## Data block:
^^^^^^^^^^^^^^^^

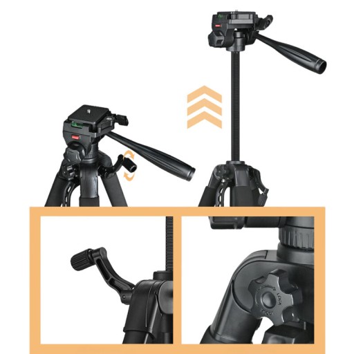 Dwie poziomice umożliwiają precyzyjne ustawienie pionu, a pokrętło w rączce uchwytu oraz pokrętła boczne pozwalają zwolnić lub zablokować możliwość ruchów głowicą statywu. Sama głowica umożliwia również robienie ujęć w pionie.
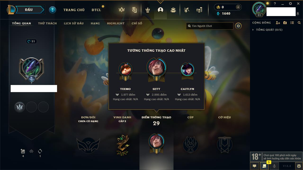 Rank Đơn: Chưa rank mùa nàoKhung: Chưa có khungTướng: 154 - Còn 1660 THXTrang Phục: 6Rank ĐTCL: Chưa RankLinh Thú: 18
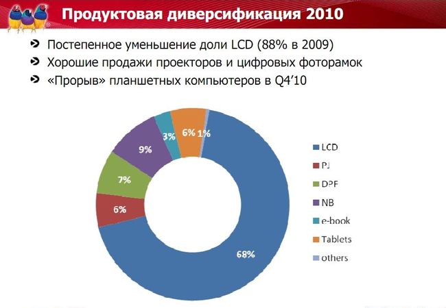 Очень интересная ситуация складывается с планшетным направлением. Хотя планшеты Viewsonic вышли на рынок только в четвертом квартале 2010 года, сейчас их доля в бизнесе компании составляет уже порядка 6%, т. е. это направление очень перспективно.

^^^^^^^^^^^^^^^^

## Exercise goal:
Take the listing and print it again exactly, but without any pictures.

## Written response:
 Dwie poziomice umożliwiają precyzyjne ustawienie pionu, a pokrętło w rączce uchwytu oraz pokrętła boczne pozwalają zwolnić lub zablokować możliwość ruchów głowicą statywu. Sama głowica umożliwia również robienie ujęć w pionie.
 Rank Đơn: Chưa rank mùa nàoKhung: Chưa có khungTướng: 154 - Còn 1660 THXTrang Phục: 6Rank ĐTCL: Chưa RankLinh Thú: 18
 Очень интересная ситуация складывается с планшетным направлением. Хотя планшеты Viewsonic вышли на рынок только в четвертом квартале 2010 года, сейчас их доля в бизнесе компании составляет уже порядка 6%, т. е. это направление очень перспективно.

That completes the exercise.